To assist you in identifying possible new experiences, let curiosity be your guide. The Mayo Clinic’s Katherine Zeratsky encourages her patients to think about what they are drawn to and start from there when identifying a new class or activity to try. Albert Einstein instructs us to, “Never lose a holy curiosity,” and it is sage advice. For curiosity is defined as a strong desire to learn something new and powers the spirit of inquiry. Through the action of quenching this thirst for knowledge, new information is acquired.  As noted in the previous post, asking questions is the first step to gain new information and, as luck would have it, also nurtures the curiosity found in a creative person.

 

As these new experiences and encounters are amassed, new perspectives are uncovered. This in turn helps the brain create new connections with information previously internalized.  Being able to create new connections between ideas is how new learning occurs.  Steve Jobs noted, “Creativity is just connecting things.” The ability to connect leads to imagining possible explanations and options.

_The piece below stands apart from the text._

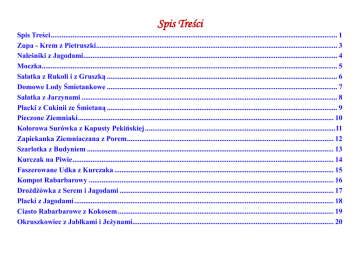 Spis Treści Spis Treści .............................................................................................................................................................. 1 Zupa - Krem z Pietruszki..................................................................................................................................... 3 Naleśniki z Jagodami ............................................................................................................................................ 4 Moczka................................................................................................................................................................... 5 Sałatka z Rukoli i z Gruszką ............................................................................................................................... 6 Domowe Lody Śmietankowe ............................................................................................................................... 7 Sałatka z Jarzynami ............................................................................................................................................. 8 Placki z Cukinii ze Śmietaną ............................................................................................................................... 9 Pieczone Ziemniaki ............................................................................................................................................. 10 Kolorowa Surówka z Kapusty Pekińskiej .........................................................................................................11 Zapiekanka Ziemniaczana z Porem.................................................................................................................. 12 Szarlotka z Budyniem ........................................................................................................................................ 13 Kurczak na Piwie ................................................................................................................................................ 14 Faszerowane Udka z Kurczaka ......................................................................................................................... 15 Kompot Rabarbarowy ....................................................................................................................................... 16 Drożdżówka z Serem i Jagodami ...................................................................................................................... 17 Placki z Jagodami ............................................................................................................................................... 18 Ciasto Rabarbarowe z Kokosem ....................................................................................................................... 19 Okruszkowiec z Jabłkami i Jeżynami............................................................................................................... 20 Makaron z Cukinią i Bakłażanem .................................................................................................................... 21 Szczawiowa z Botwinką ..................................................................................................................................... 22 Kurczak z Sosem z Rzodkiewki......................................................................................................................... 23 Tarta Cytrynowa................................................................................................................................................. 24 Sałatka z Ogórka i Brzoskwini .......................................................................................................................... 25 Mapoleonka z Poziomkami ................................................................................................................................ 26 Rogaliki Drożdżowe............................................................................................................................................ 27 Sezamowe Sznycle z Indyka .............................................................................................................................. 28 Ryba w Sosie Brokułowym z Pomidorami ....................................................................................................... 29 Babka na Oleju ................................................................................................................................................... 30 Przekładaniec z Malinami ................................................................................................................................. 31 Zapiekanka z Warzywami i Schabem ............................................................................................................... 32 01-06-2015 Zupa - Krem z Pietruszki Składniki: 30 dag pietruszki, 3 ziemniaki, 1/2 szklanki śmietany, 7 łyżka mąki, 1 łyżka masła, sól czosnkowa, pieprz, do podania: grzanki, natka pietruszki. Korzeń pietruszki zetrzeć na tarce o dużych oczkach. Następnie uprażyć na maśle. Pietruszkę przełożyć do garnka, zalać wodą. Dodać pokrojone w kostkę ziemniaki i gotować do miękkości. Następnie zmiksować na krem i zaprawić śmietaną, wymieszaną z mąką. Doprawić do smaku solą czosnkową i pieprzem. Podawać z grzankami i natką pietruszki. Bardziej wytworna wersja to podanie z płatem wędzonego łososia. Spis treści 02-06-2015 Naleśniki z Jagodami Składniki: ciasto: 2 i 1/2 szklanki mąki, 2 szklanki mleka, 1 szklanka wody, 3 jajka, łyżeczka cukru, szczypta soli, odrobina oleju, sos jagodowy: 2 szklanki borówek amerykańskich, % szklanki cukru, 1 łyżka soku z limonki, dodatkowo: bita śmietana, jagody do dekoracji. Składniki ciasta zmiksować, odstawić na 20 min. Po tym czasie smażyć cienkie naleśniki. Borówki zmiks

One way to practice making connections is through practicing synectics. To do this, choose 2 items, the more dissimilar the better, and try to find as many ways as possible they are alike. For instance, think about how a cake and a pencil are alike. At first, it may be difficult to come up with ideas, but by allowing yourself plenty of time to reflect, you should notice ideas will finally start popping into your brain, with the most unusual ones generally arriving the longer you think about it. What could be possible answers? They both are round, they both have layers, they both have something different hiding underneath the outer coating. ( i.e. a cake under the icing and lead inside the wooden outside covering.) To make it easier for you, try finding objects with more obvious similarities; to make it harder, find objects that are seemingly very much dissimilar.) The more practice with this type of activity, the more it encourages creative thinking.

 

So, the openness to new experiences and the accompanying curiosity leads to new learning. The connections made allow for alternatives to be imagined and considered. Notice how much overlap there is with the first two critical thinking behaviors discussed thus far. Creativity seems to be an outgrowth of intellectual humility. The open-mindedness found in both behaviors allows curiosity to flourish through a search for possible alternatives grounded in questioning. This leads to the creation of connections between previous and newly acquired knowledge that set one up to be able to reflect and possibly revise previously held beliefs.


Creativity is not such a far-fetched behavior to possess in the quest for the truth. You might say, they are opposite sides of the same coin. By possessing both intellectual humility and a creative mind, you have set your mind up for success in identifying the truth. What better superpowers to possess in these times with so much information but so little truth?